◆ **What is required**:
Starting with the line that contains "Daraufhin rückten zunächst", repeat each line exactly through the final line of the listing. No picture should appear in the copy.

◆ **Data provided**:
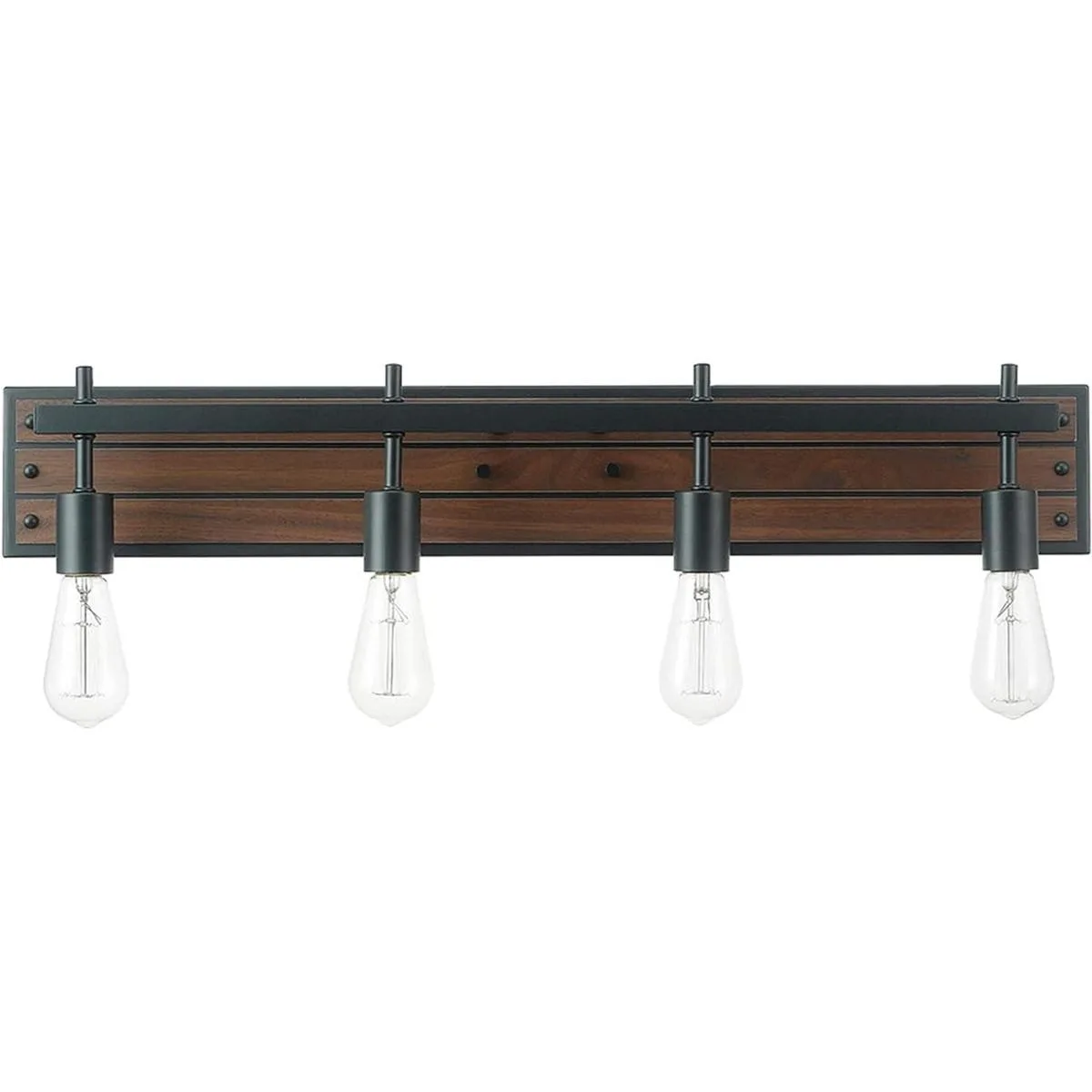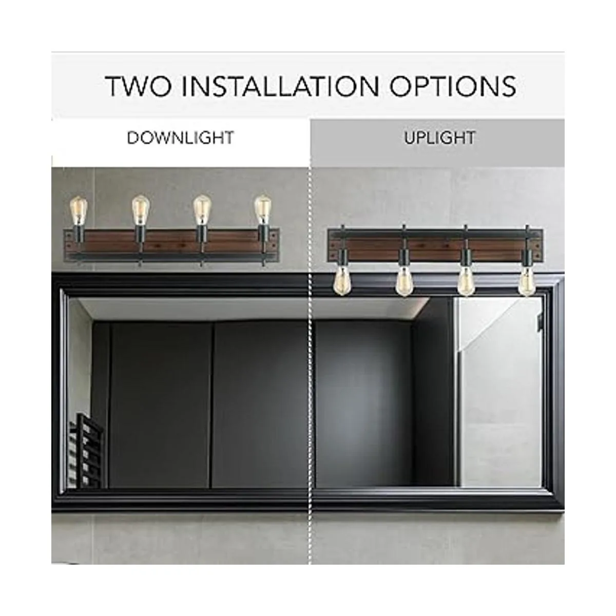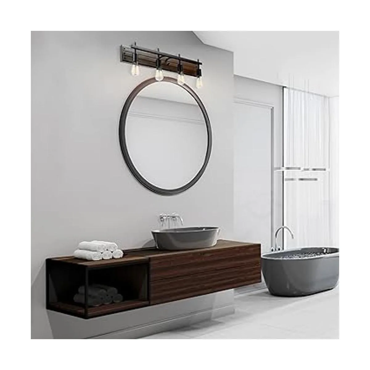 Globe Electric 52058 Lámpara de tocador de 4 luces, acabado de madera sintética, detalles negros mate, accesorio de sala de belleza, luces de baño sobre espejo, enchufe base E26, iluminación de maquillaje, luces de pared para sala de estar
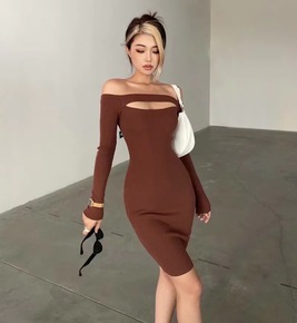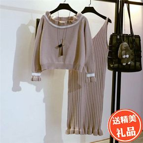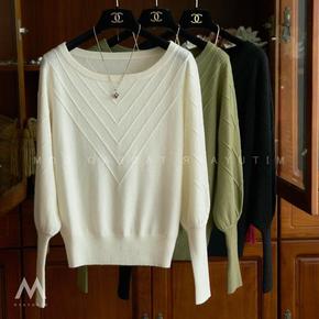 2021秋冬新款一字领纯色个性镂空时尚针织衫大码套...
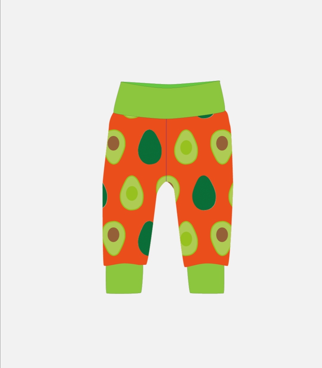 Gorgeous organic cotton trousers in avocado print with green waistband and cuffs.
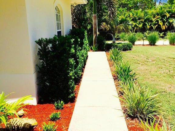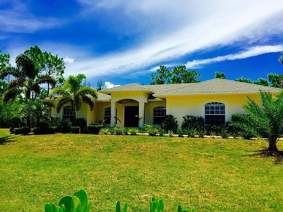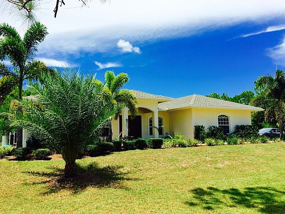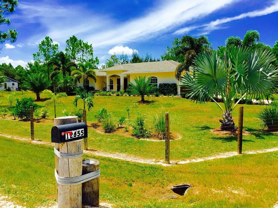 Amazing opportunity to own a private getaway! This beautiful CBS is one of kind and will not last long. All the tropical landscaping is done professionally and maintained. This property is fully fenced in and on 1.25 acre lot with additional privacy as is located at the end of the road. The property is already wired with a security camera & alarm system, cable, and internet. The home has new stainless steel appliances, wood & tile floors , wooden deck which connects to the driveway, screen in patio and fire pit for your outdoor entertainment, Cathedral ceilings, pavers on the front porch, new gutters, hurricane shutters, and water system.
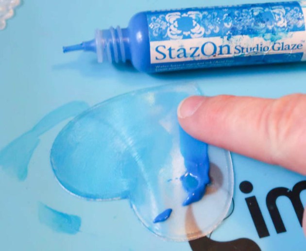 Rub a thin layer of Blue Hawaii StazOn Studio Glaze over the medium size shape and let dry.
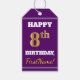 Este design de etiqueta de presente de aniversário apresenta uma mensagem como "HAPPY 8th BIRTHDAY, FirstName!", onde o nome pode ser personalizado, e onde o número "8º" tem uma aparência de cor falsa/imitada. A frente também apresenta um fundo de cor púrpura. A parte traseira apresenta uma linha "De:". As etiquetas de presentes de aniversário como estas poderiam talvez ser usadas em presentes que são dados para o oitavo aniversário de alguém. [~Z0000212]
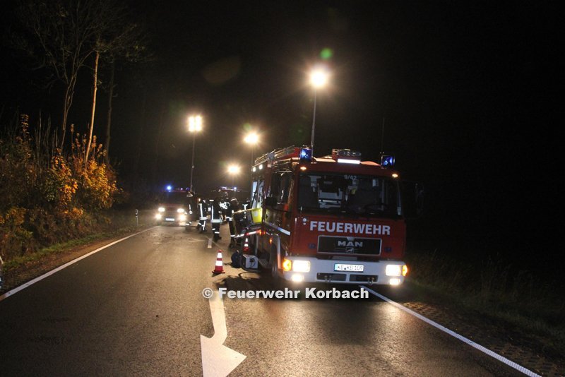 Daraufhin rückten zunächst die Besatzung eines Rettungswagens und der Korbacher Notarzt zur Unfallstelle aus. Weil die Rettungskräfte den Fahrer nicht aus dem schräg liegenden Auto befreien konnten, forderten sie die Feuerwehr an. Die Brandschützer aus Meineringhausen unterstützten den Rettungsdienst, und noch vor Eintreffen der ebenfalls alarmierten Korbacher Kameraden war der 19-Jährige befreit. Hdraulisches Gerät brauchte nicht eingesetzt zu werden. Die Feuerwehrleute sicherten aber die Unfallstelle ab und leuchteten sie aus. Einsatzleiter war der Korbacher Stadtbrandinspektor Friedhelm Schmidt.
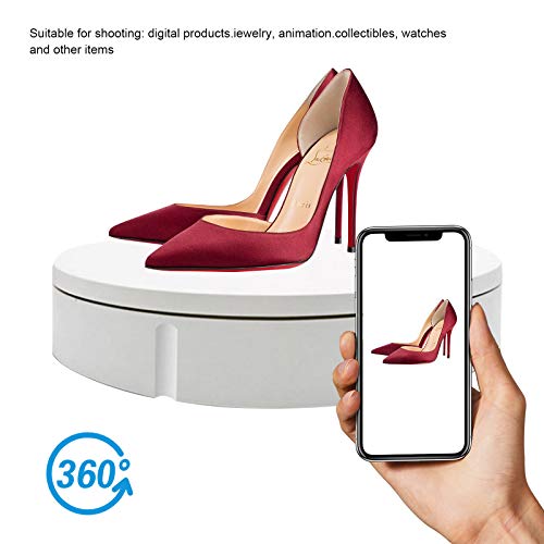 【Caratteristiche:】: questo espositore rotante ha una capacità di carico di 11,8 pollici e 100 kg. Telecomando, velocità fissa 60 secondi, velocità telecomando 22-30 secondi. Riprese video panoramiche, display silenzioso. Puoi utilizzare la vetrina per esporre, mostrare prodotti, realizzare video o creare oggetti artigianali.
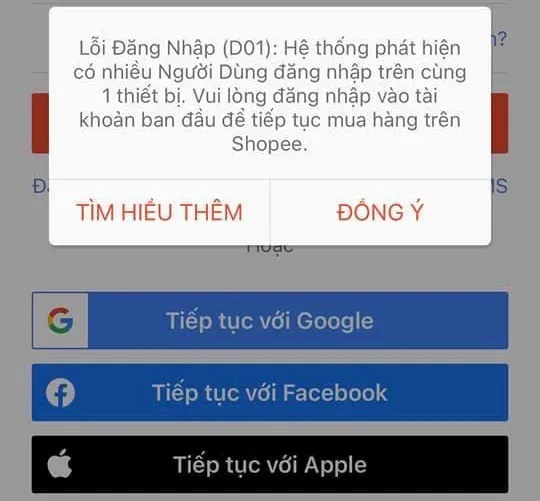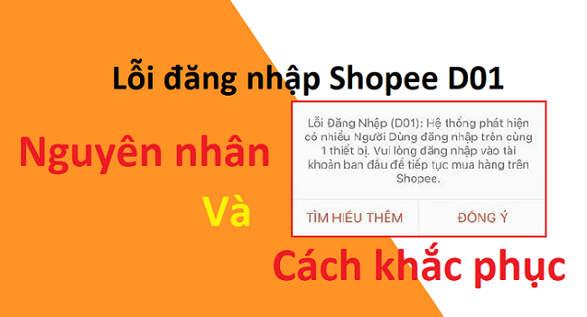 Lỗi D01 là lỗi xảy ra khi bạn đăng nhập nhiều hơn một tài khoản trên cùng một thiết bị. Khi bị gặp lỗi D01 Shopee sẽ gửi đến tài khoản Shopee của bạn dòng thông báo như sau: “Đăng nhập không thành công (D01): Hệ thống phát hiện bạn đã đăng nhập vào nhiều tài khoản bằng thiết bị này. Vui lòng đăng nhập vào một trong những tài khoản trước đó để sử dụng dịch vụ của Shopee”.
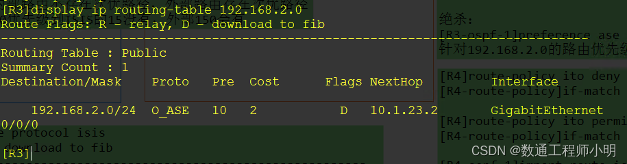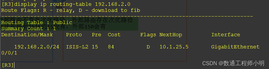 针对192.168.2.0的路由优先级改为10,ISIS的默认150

◆ **Solution to this problem**:
 Daraufhin rückten zunächst die Besatzung eines Rettungswagens und der Korbacher Notarzt zur Unfallstelle aus. Weil die Rettungskräfte den Fahrer nicht aus dem schräg liegenden Auto befreien konnten, forderten sie die Feuerwehr an. Die Brandschützer aus Meineringhausen unterstützten den Rettungsdienst, und noch vor Eintreffen der ebenfalls alarmierten Korbacher Kameraden war der 19-Jährige befreit. Hdraulisches Gerät brauchte nicht eingesetzt zu werden. Die Feuerwehrleute sicherten aber die Unfallstelle ab und leuchteten sie aus. Einsatzleiter war der Korbacher Stadtbrandinspektor Friedhelm Schmidt.
 【Caratteristiche:】: questo espositore rotante ha una capacità di carico di 11,8 pollici e 100 kg. Telecomando, velocità fissa 60 secondi, velocità telecomando 22-30 secondi. Riprese video panoramiche, display silenzioso. Puoi utilizzare la vetrina per esporre, mostrare prodotti, realizzare video o creare oggetti artigianali.
 Lỗi D01 là lỗi xảy ra khi bạn đăng nhập nhiều hơn một tài khoản trên cùng một thiết bị. Khi bị gặp lỗi D01 Shopee sẽ gửi đến tài khoản Shopee của bạn dòng thông báo như sau: “Đăng nhập không thành công (D01): Hệ thống phát hiện bạn đã đăng nhập vào nhiều tài khoản bằng thiết bị này. Vui lòng đăng nhập vào một trong những tài khoản trước đó để sử dụng dịch vụ của Shopee”.
 针对192.168.2.0的路由优先级改为10,ISIS的默认150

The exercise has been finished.